In New Testament times, woman had long hair, and men had short hair. Paul writes, in 1 Corinthians 11:14-15; “Does not the very nature of things teach you that if a man has long hair, it is a disgrace to him, but if a woman has long hair, it is her glory? For long hair was given to her as her covering.”
Jesus did not have long hair. The hair we are used to seeing is ingrained in our minds because of artist’s imaginations.
There is a verse in Scripture that says the Lord was beautiful, the most beautiful man there ever was…or something like that. Hunchback my eye.
In Dr. Barbara Thiering’s Jesus the Man she provides some possible clues to his appearance.
Dr. Thiering does not believe that Jesus was from Nazareth. Rather she believes he was a Nazirite. The vow of a Nazirite to not cut his hair is stated explicitly in the Torah. The most famous Nazirite is, of course, Samson.
The cite in the above quote (John 20:15) reads a little differently in the KJV.
So was he small enough for her to lift. Perhaps.
I just thought I would share this information. (I would never post in another thread just to drum up interest in my own thread ((BTW-in this forum)) of course. That would be crass!)
Paul was not a Jew, he was a neo-greek roman. The neo-greeks believed in the beauty of the male body, which was usu shaved (at least the beard), and they wore their hair short. They also believed in long hair for women, ans a rather sexist attitude (which crops up now & then in pauls writings). drink was verboten, or at least drunkeness.
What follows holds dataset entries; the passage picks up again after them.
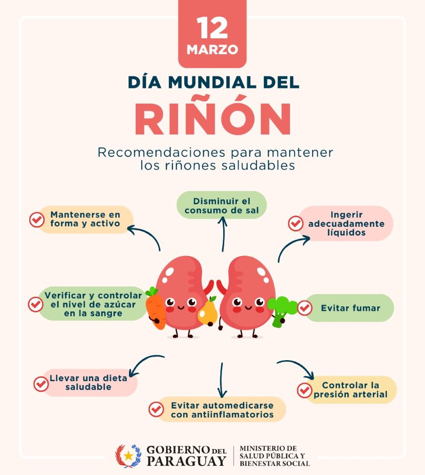 Bajo el lema internacional “Salud Renal para Todos: Cuidando a las Personas, Protegiendo el Planeta”, Paraguay se suma a la iniciativa global promovida por la Sociedad Internacional de Nefrología y la Federación Internacional de Fundaciones Renales, impulsando acciones concretas para fortalecer la atención nefrológica.
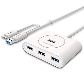 ✨Ugreen 20285 50CM Màu Trắng Bộ chia Hub usb 3.0 ra 4 cổng 0.5M usb 3.0 hỗ trợ chức năng OTG CR113 - Hàng chính hãng
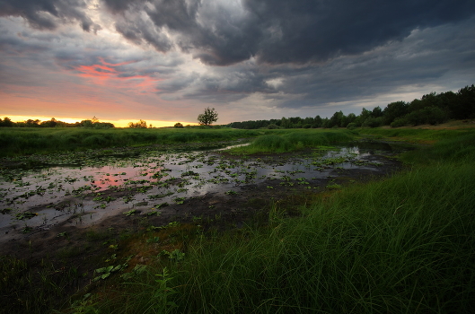 летний вечер, русло почти пересохшей речушки
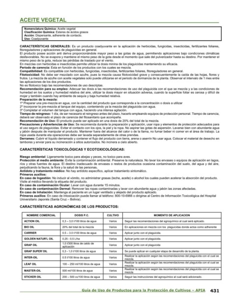 Guía de Uso de Productos para la Protección de Cultivos – APIA 431
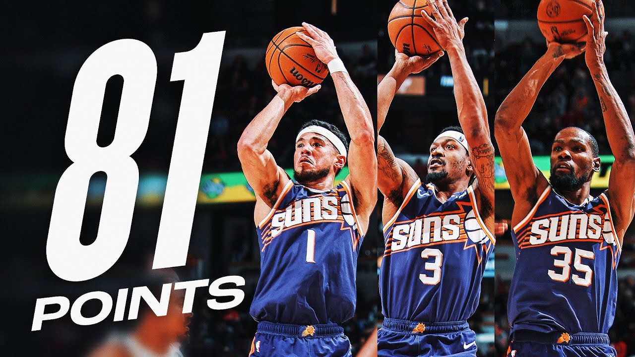 NOP 116Dans la victoire des Suns sur les Bills 121 à 117, Devin Booker, Kevin Durant et Bradley Beal totalisent 81 points. Indviduellement, Booker est à 29 points et 8 passes décisives, KD à 27 points, 10 rebonds et 5 passes et Beal à 25 points et 6 rebonds.

All this made them quite different than the aramaic Jew that Jesus was. Based upon contemporary art of Jewish zealots, Jesus would have been dark, w/ longish, shoulder-length hair, and a beard. Since there are no desciptions of him, and the Romans could not pick him out of a small group, there is nothing to suppose he was in any way unusual looking. (Certainly not a humpback). Possibly slight, yes, but not usually so.
Paul was a Jew. When speaking before a crowd in Rome, Paul says; “I am a Jew, born in Tarsus of Cicilia, but brought up in this city.” Acts 22:3. He was a Jew, and a Roman citizen (Acts 22:27), at the same time.
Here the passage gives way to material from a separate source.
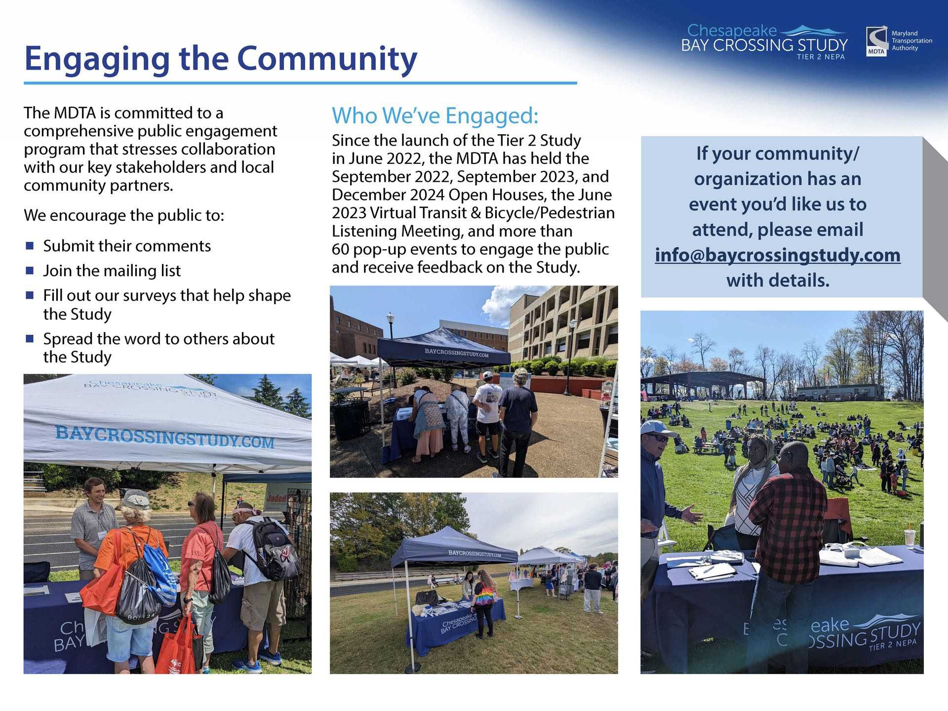 We’re hosting these Open Houses to share and receive input on the Tier 2 Study.

Then one day he was preaching against abortion and passed around a drawing of Jesus holding an aborted fetus. He said the drawing was done by a woman with no previous artistic experience, and it was given to her by God.
The drawing showed Jesus with long hair.
I pointed this out to Max. He wasn’t terribly happy that I did.
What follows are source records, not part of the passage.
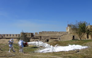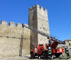 За пару дней до торжества в крепости состоялось церемония награждения лучших спасателей и показательная акция, на которой сотрудники пожарно-спасательной службы блеснули своим профессиональным мастерством. Мероприятие проходило недалеко от колонны пожарных машин, а также выставки снаряжения и обмундирования. Все это техническое великолепие эффектно смотрелись на фоне зубчатой стены из ракушечника, щедро обливаемой осенним солнечным светом.
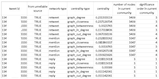 Figure 8. It is important to note that our work does not focus on misinformation detection, but we label twets based on iffy and also on the list on un-trusted sources that we have mentioned earlier. The first column presents the id of the evaluated tweet. The second column indicates whether the tweet in question was labeled as disinformation. The subsequent three columns display the network type established, together with the centrality metric’s type and the corresponding value computed within the respective network. The following two columns provide information on the community detection module. Specifically, they present the community affiliation of the tweet, the number of nodes inside that community, and the ranking of the tweet’s relevance based on the centrality metric within the respective community.
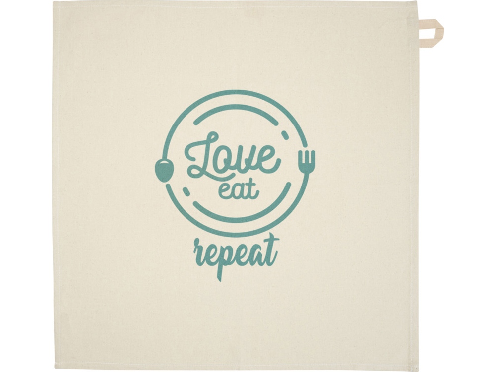 Кухонное полотенце изготовлено из 100% переработанного хлопка плотностью 200 г/м², сертифицированного GRS, с характерной контрастной петлей. Размер полотенца: 50 x 50 см. 101% GRS certified recycled cotton, 210 g/m2.

I have not heard the “hunchback, uni-brow” description before, and would also be interested in a cite. If such a description exists, it would not suprise me if it were part of some early anti-Christian propaganda, designed to discourage people from joining that “weird cult.” I would like more info, though, before drawing that conclusion.
My interest is academic, since I am not of a religious bent myself.
The “hunchbacked” Jesus came from the writings of Flavius Josephus, a Jewish historian c37 - 100 AD. The unflattering description comes from his work The Jewish War. I am unable to find the exact passage online, only references to it.
Josephus is a notoriously UNreliable source. Josephus himself was a major brown-noser, willing to say almost anything to suck up to his Roman patrons, so even the words of Josephus himself are untrustworthy. Add to that, there are no existing originals of Josephus, and later authors edited in complimentary comments about Christians and Jesus; my own feeling is that Josephus would NEVER have made such comments, which would have gone against contemporary popular opinions.
The Bible never describes how anyone looks, unless it is relevant to the story. Rachel and Joseph are described as “beautiful”, Samson obviously has long hair, etc. The Bible describes people in terms of their personality, not their looks.
On why we persist in depicting Jesus with long hair: it’s a tradition. You may ask, how did this tradition get started? I’ll tell you: I don’t know. But by now, it’s ingrained.
Kind of like celebrating Jesus’ birthday on December 25 when we know that wouldn’t be the right season. Or like using the word “dial” for a telephone, when there’s no dial.
The site also contains an interesting artist’s sketch, as well as some text asserting that Victor Hugo’s Hunchback of Notre Dame was intended as a reference to the historical Jesus.